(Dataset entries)
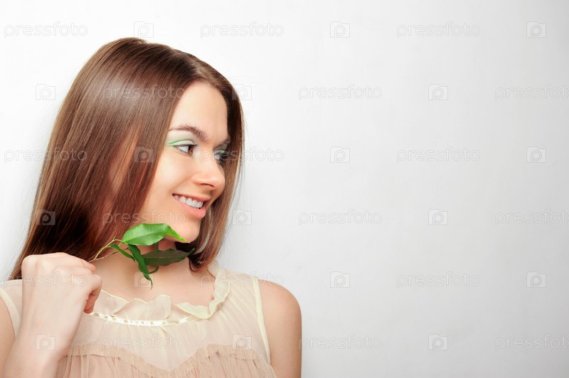 Портрет молодой женщины с зеленой веткой
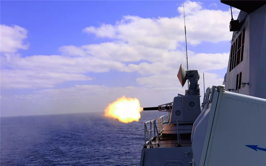 海军第二十八批护航编队组织主副炮实弹射击训练
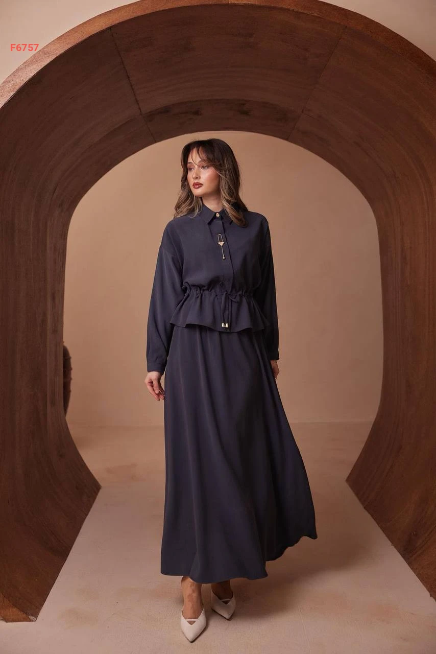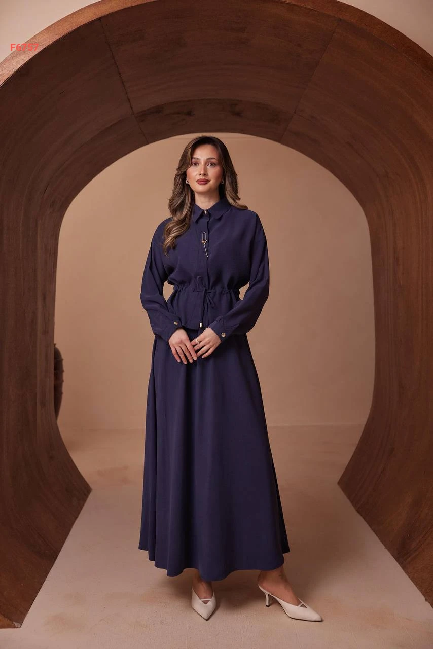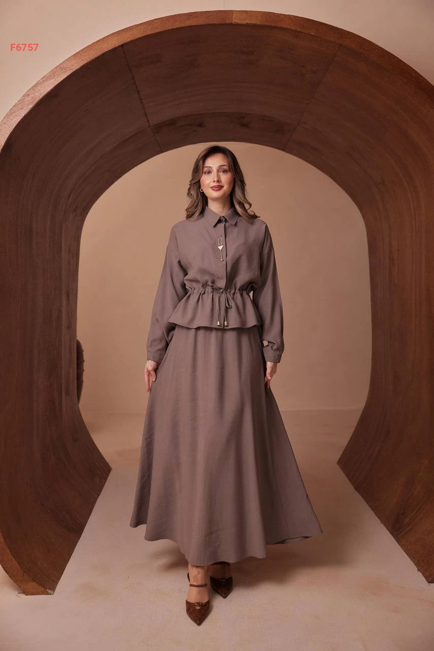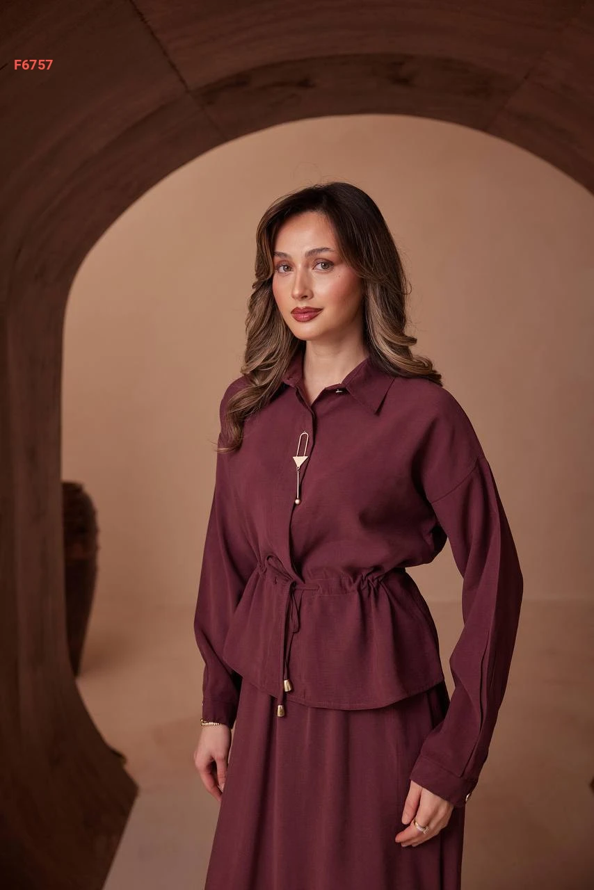 طقم تنورة طويل وقميص ببروش
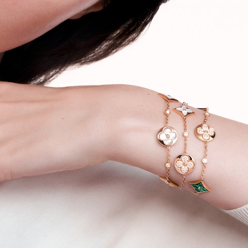Delicate volumes of the timeless Monogram Flower punctuate the hand in a unique arrangement of bracelets, emphasizing a radiant chromatic pairing of unique stones and golds for captivating layering.
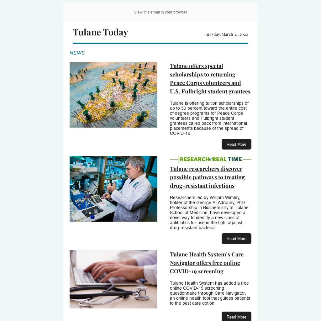 Tulane is offering tuition scholarships of up to 50 percent toward the entire cost of degree programs for Peace Corps volunteers and Fulbright student grantees called back from international placements because of the spread of COVID-19.
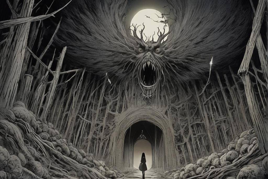神秘、荒诞、恐怖氛围,包含惊悚、诡异元素,并借鉴伊藤润二风格与哥特式风格,多变场景(66) png(1)
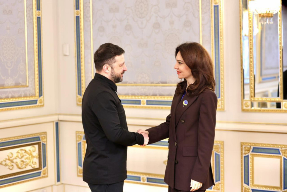 Presidenti i Ukrainës, Volodymyr Zelensky, i dorëzoi sot Urdhrin e Princeshës Olga, Klasi I, një nga dekoratat më të larta të shtetit ukrainas, ministres për Evropën dhe Punët e Jashtme, Elisa Spiropali.
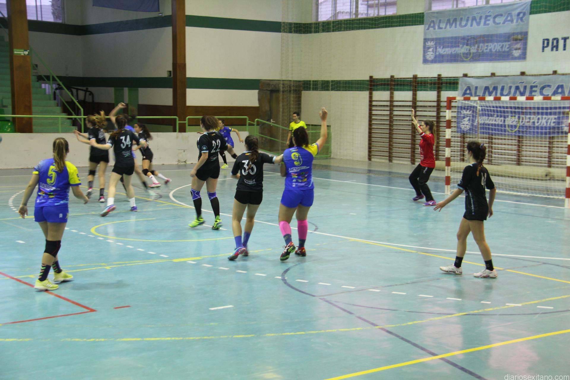 En la segunda parte, las malagueñas acortaron distancia e incluso llegaron a empatar el partido a falta de diez minutos para el final debido a las pérdidas de balón de las almuñequeras o las buenas intervenciones de la portera malagueña que fue la jugadora más destacada en este tiempo; sin embargo, las sexitanas volvieron a levantar el partido. Fue tras detener un penalti la portera suplente Elena. De nuevo tomaron ventaja en el marcador las locales con dos tantos que supieron mantener hasta el final, e incluso, pudieron ampliar en la última posesión del balón. En cuanto a las goleadoras destacar por las locales a Daniela Jerónimo (10) y Carmen Herrero (6); por las malagueñas y empatadas a 5 tantos: Carmen Peláez, Valery Fernández y Laura Sánchez.
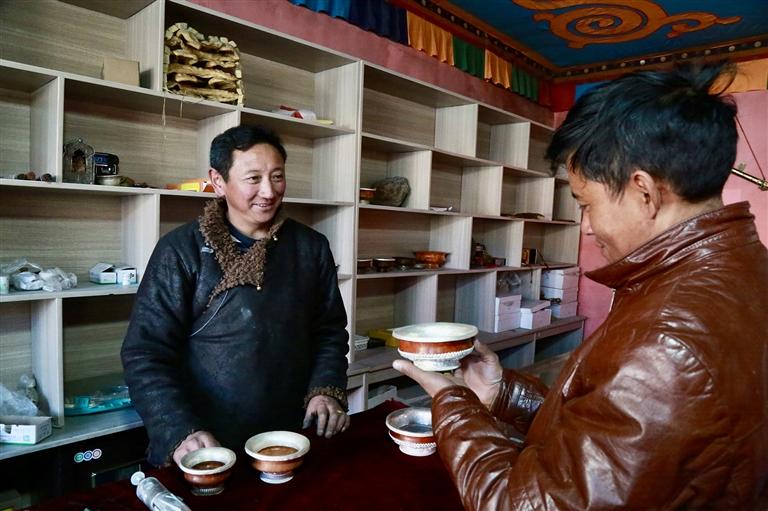 43歲的次央多吉是墨竹工卡縣級(jí)非物質(zhì)文化遺產(chǎn)阿吉祖玉傳承人。這份傳承的使命,自他的祖輩起便已延續(xù)。在他的記憶中,長(zhǎng)輩們熟練掌握這項(xiàng)非遺技藝的身影,深深烙印在他的心中。“阿吉祖玉是祖先傳下來(lái)的東西,不能丟。”抱著這樣堅(jiān)定的想法,次央多吉在年少時(shí)便立下決心,要將這門技藝傳承下去,并不斷發(fā)揚(yáng)光大。
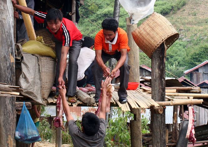 Chin Me Leng lives in Nam Ban commune, Nam Nhun district: “In the afternoon, the groom’s family brings the offering to the bride’s family. At night, the bride’s family prepares a rooster for a ritual. A shaman looks at the shape of the rooster’s head and legs to decide whatever or not to let the groom’s family bring the bride home the next morning.”
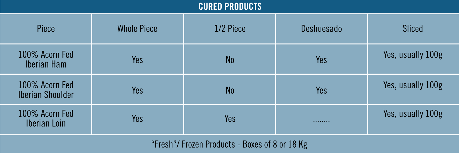 Our production is limited, and although we grow each season, it is always best to order in advance. Acorn fed Iberian loin and “fresh” meat is sold first.
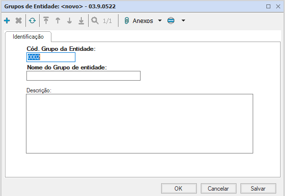 Escolha a opção “Grupos de Entidades”, aperte no ícone “Incluir”, preencha os campos da tela de cadastro e clique em “Salvar”
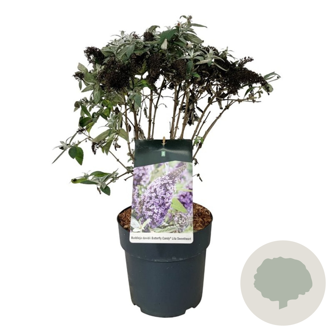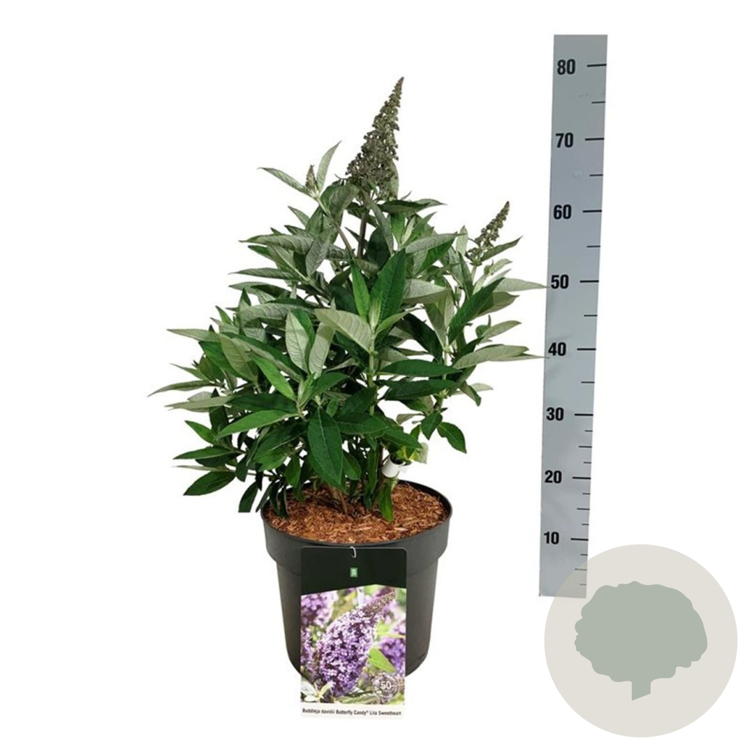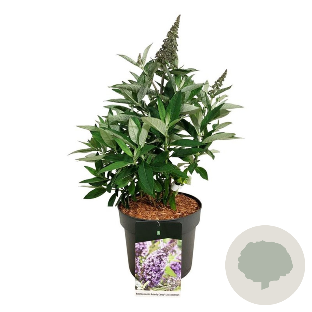 | Toelichting | De Vlinderstruik (Buddleja) 'Candy Lila Sweeth' is een prachtige struik met lila bloemen die vlinders aantrekken. Deze struik bloeit van juli tot september en wordt ongeveer 200 cm hoog. Plant de Vlinderstruik in goed doorlatende, vochtige grond op een zonnige plek. |
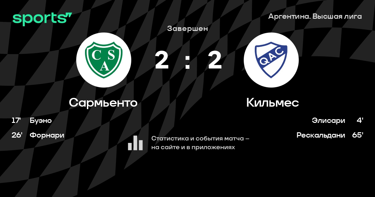 Бенитес - Бонтемпо, Мальречауффе, Алегре, Боттино - Империале, Элисари, Бранья, Калельо, Перес Годой - РескальданиЗапасные: Дульчич, Селайя, Суарес, Арсе, Моралес, Мансилья, Андрада

▶ _What you are asked to do_: Copy out exactly, with no pictures, the lines of the data from the first one through the line bearing "Presidenti i Ukrainës, Volodymyr".

▶ _Exercise output_:
 Портрет молодой женщины с зеленой веткой
 海军第二十八批护航编队组织主副炮实弹射击训练
 طقم تنورة طويل وقميص ببروش
Delicate volumes of the timeless Monogram Flower punctuate the hand in a unique arrangement of bracelets, emphasizing a radiant chromatic pairing of unique stones and golds for captivating layering.
 Tulane is offering tuition scholarships of up to 50 percent toward the entire cost of degree programs for Peace Corps volunteers and Fulbright student grantees called back from international placements because of the spread of COVID-19.
神秘、荒诞、恐怖氛围,包含惊悚、诡异元素,并借鉴伊藤润二风格与哥特式风格,多变场景(66) png(1)
 Presidenti i Ukrainës, Volodymyr Zelensky, i dorëzoi sot Urdhrin e Princeshës Olga, Klasi I, një nga dekoratat më të larta të shtetit ukrainas, ministres për Evropën dhe Punët e Jashtme, Elisa Spiropali.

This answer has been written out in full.